In 2017 we reviewed the regulatory tools available to us that could be used to improve the quality of housing in Porirua. Different pieces of legislation have been developed over time. The overall approach is piecemeal and fragmented. Much of the legislation is dated and poorly understood. We concluded that the current legislation is not fit-for-purpose and needs an overhaul. We believe this needs to be led by Central Government as the issue of sub-standard housing are not are not unique to Porirua.
We are advocating to central government for improvements in housing standards whenever opportunities arise.
In January 2016 we made a submission on the Government's Residential Tenancies Amendment Bill that proposed mandatory long-life smoke alarms and insulation. We indicating our support for the bill but requested inclusion of a broader range of requirements for private rentals. This bill is now law and goes part way to where we want to be. Insulation Statements are now compulsory on all new tenancy agreements. From 1 July 2019, insulation became compulsory on all rentals. See the Tenancy Services website for more detail.
In 2017 we also made a submission in support of Andrew Little's Healthy Housing Guarantee Bill (No.2) that requires all rental properties to have heating and insulation. This bill became an Act in 2017. It meant all rental properties must meet insulation requirements in ceilings and underfloor by 1 July 2019. MBIE is also leading work to develop new standards for heating, ventilation, draught stopping, drainage and moisture control.
Are you a tenant or landlord? Tenancy Services provides information about your basic rights and what you must do under New Zealand tenancy law and guidance on dealing with common tenancy issues. Please note that the Council has no monitoring or enforcement role under the Residential Tenancies Act.
Landlords and tenants have a range of options for resolving disputes - which are handled by the Tenancies Tribunal. It is important that tenants keep paying their rent throughout any dispute process, otherwise it will likely jeopardise their ability to get redress through the Tribunal.
As mentioned above, the Government recently made changes to the Residential Tenancies Act (and associated regulations) to make homes warmer, drier and safer. Further changes are on there way to provide more protection and security of tenure for tenants.

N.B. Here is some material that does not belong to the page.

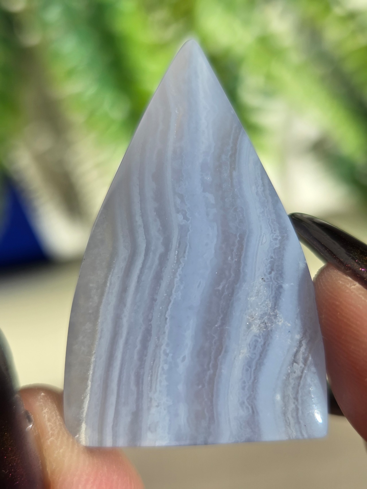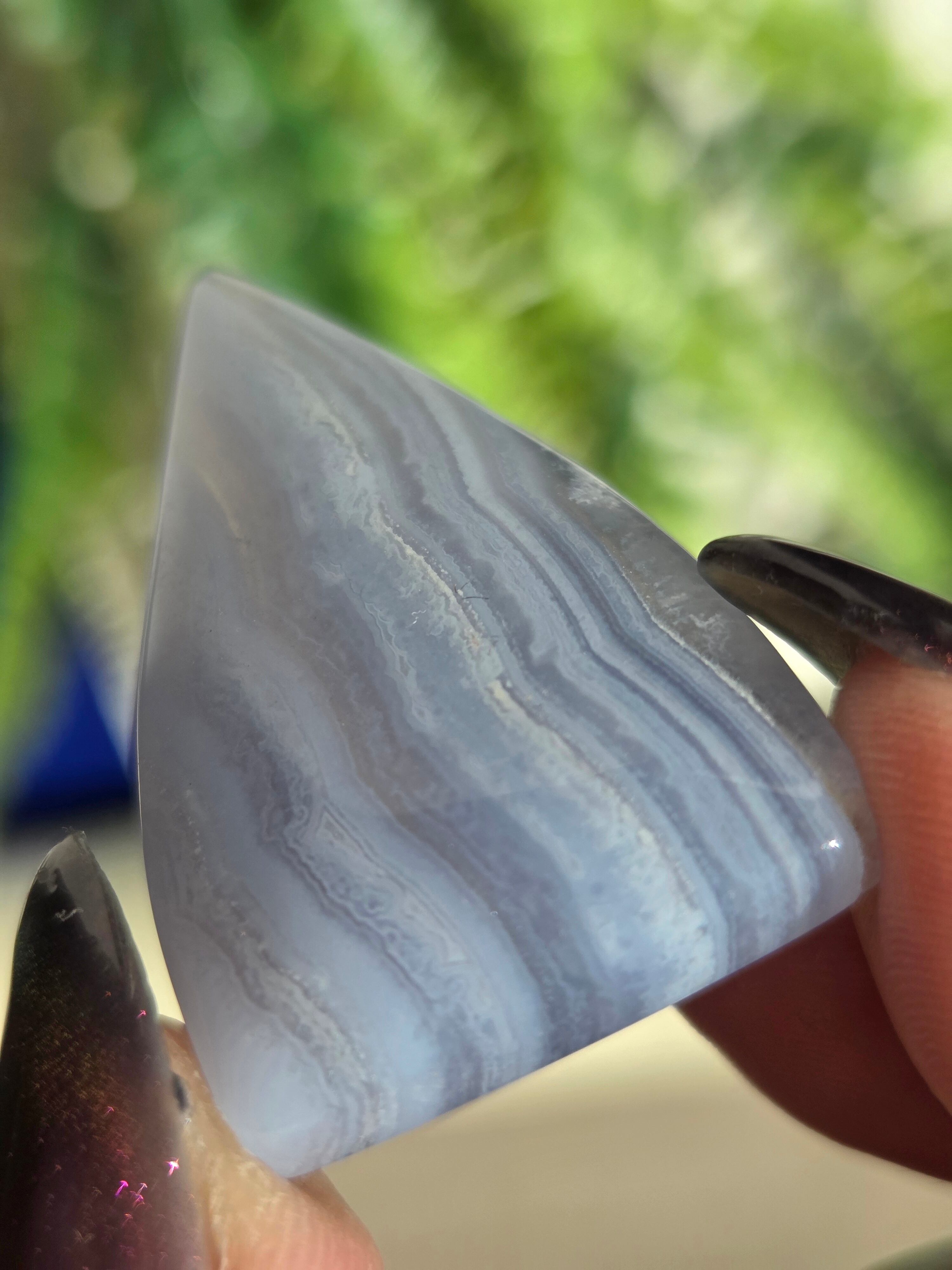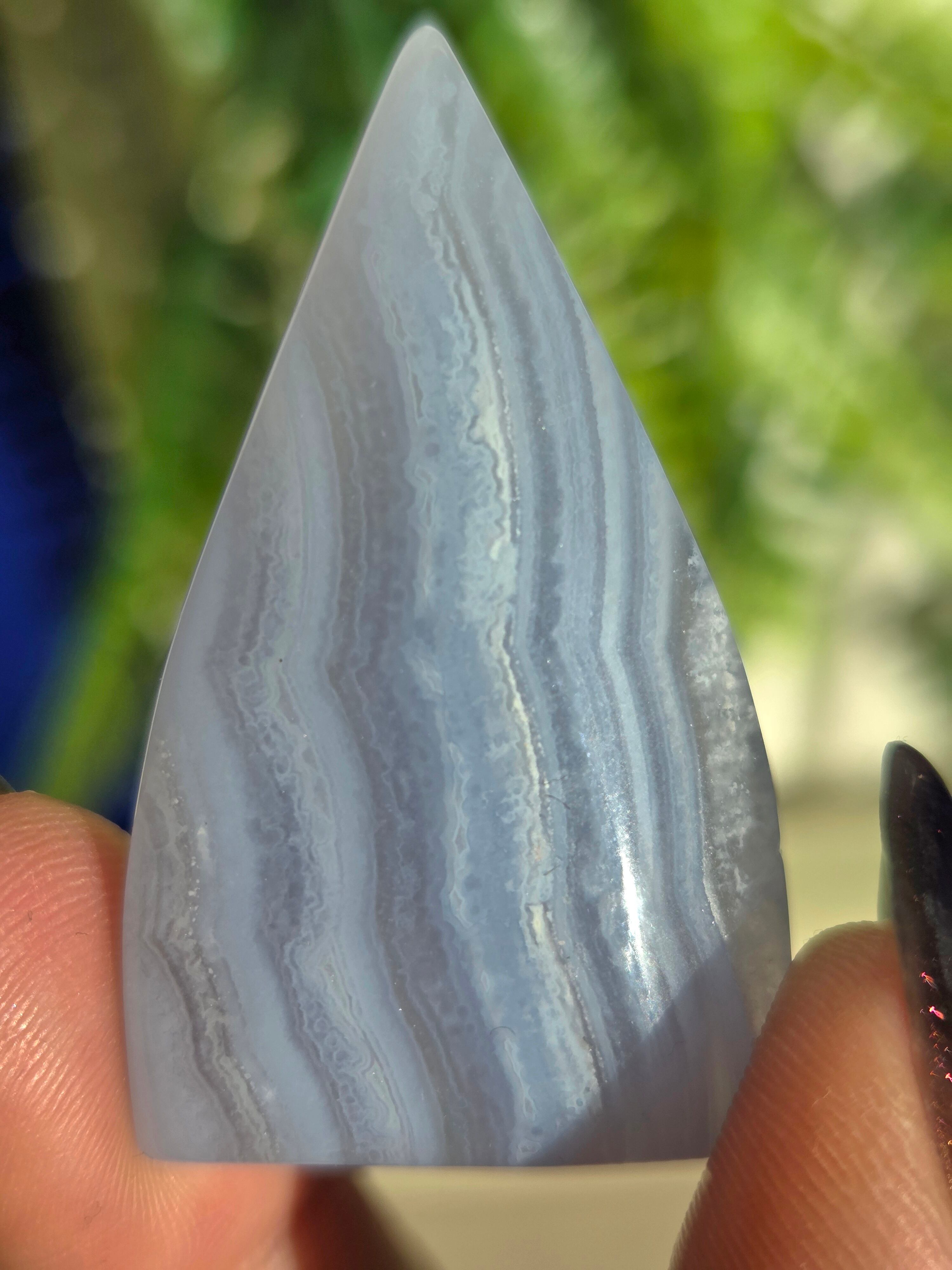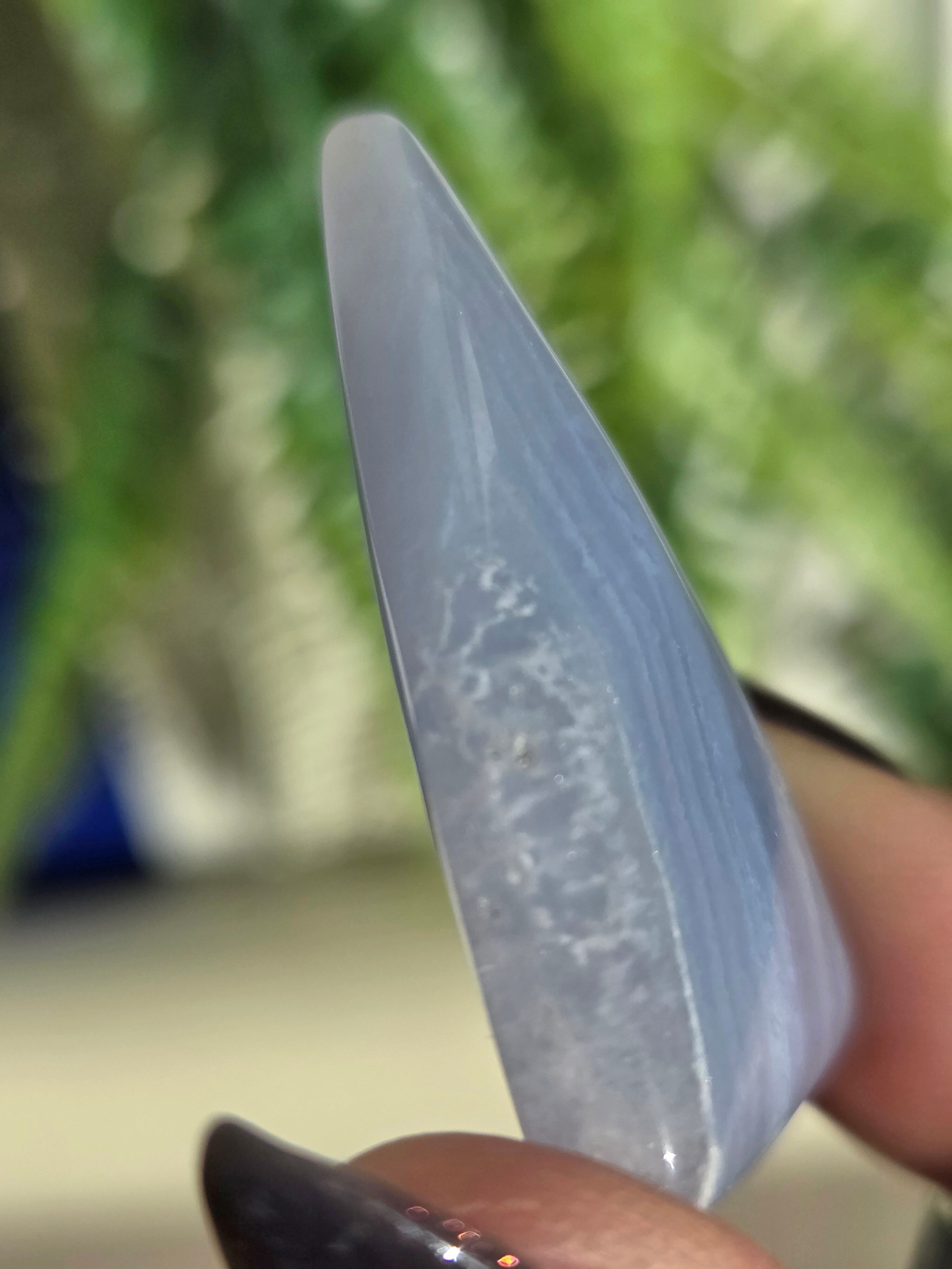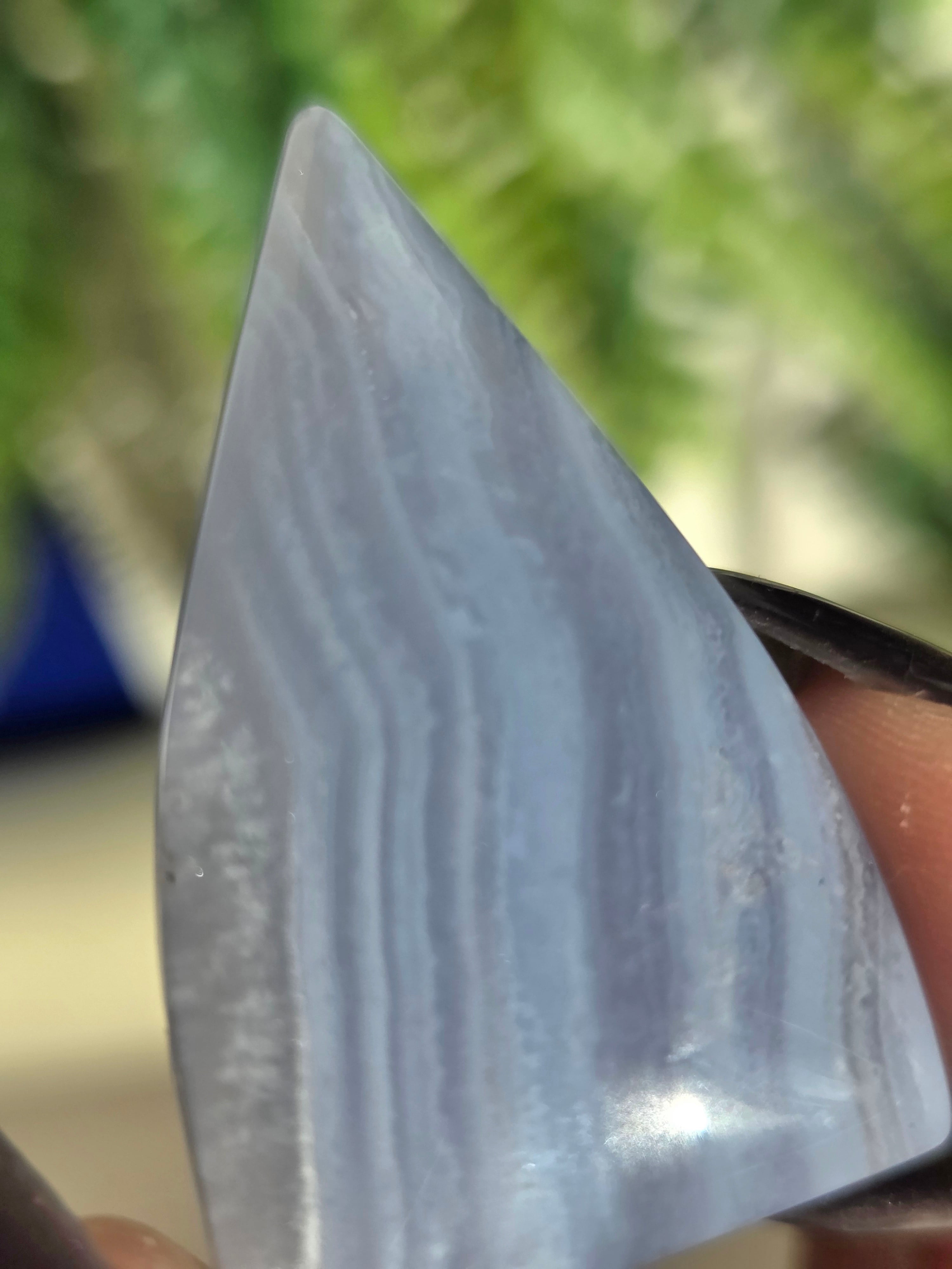 ブルーレースアゲートは、古来より危険を回避するお守りとして、人々の生活に寄り添ってきました。 その控えめで清潔感のある外観は、持ち主に安心感を与え、心を清らかに保つ効果があります。 気持ちが落ち着かない時やイライラしてしまう時に、この石をじっと見つめることで、心が安定し、リラックスした状態に導いてくれるといわれています
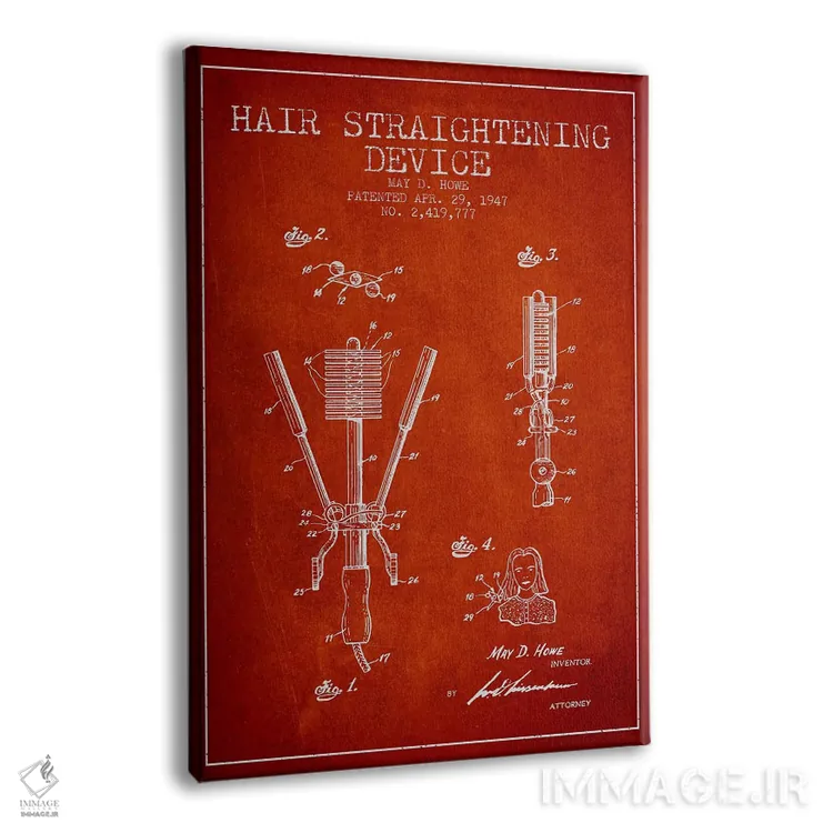 تابلو نقشهٔ ثبت اختراع فرکنندهٔ مو با روکش مخملی (قرمز) اثر پیکسل کهنه (استودیو/نام هنری)

Council’s Environmental Health team investigate and report on any housing quality concerns. Under the Health Act and Housing Improvement Regulations the landlord is responsible for ensuring the property is sound and that moisture does not enter the house from outside or from leaking pipes, i.e. if the source of dampness results from a building defect, such as poor building materials, construction, or leaking pipes. Tenants are responsible for cleaning and maintaining premises to keep them free from mould, eg adequate heating and ventilation of clothes driers. The Council can issue orders targeted at both tenant and landlord where the cause of dampness is the condition of a dwelling. Regulatory options include a cleansing order, which is requirement to cleanse the property, or nuisance notice, e.g. to remove build-up of rubbish.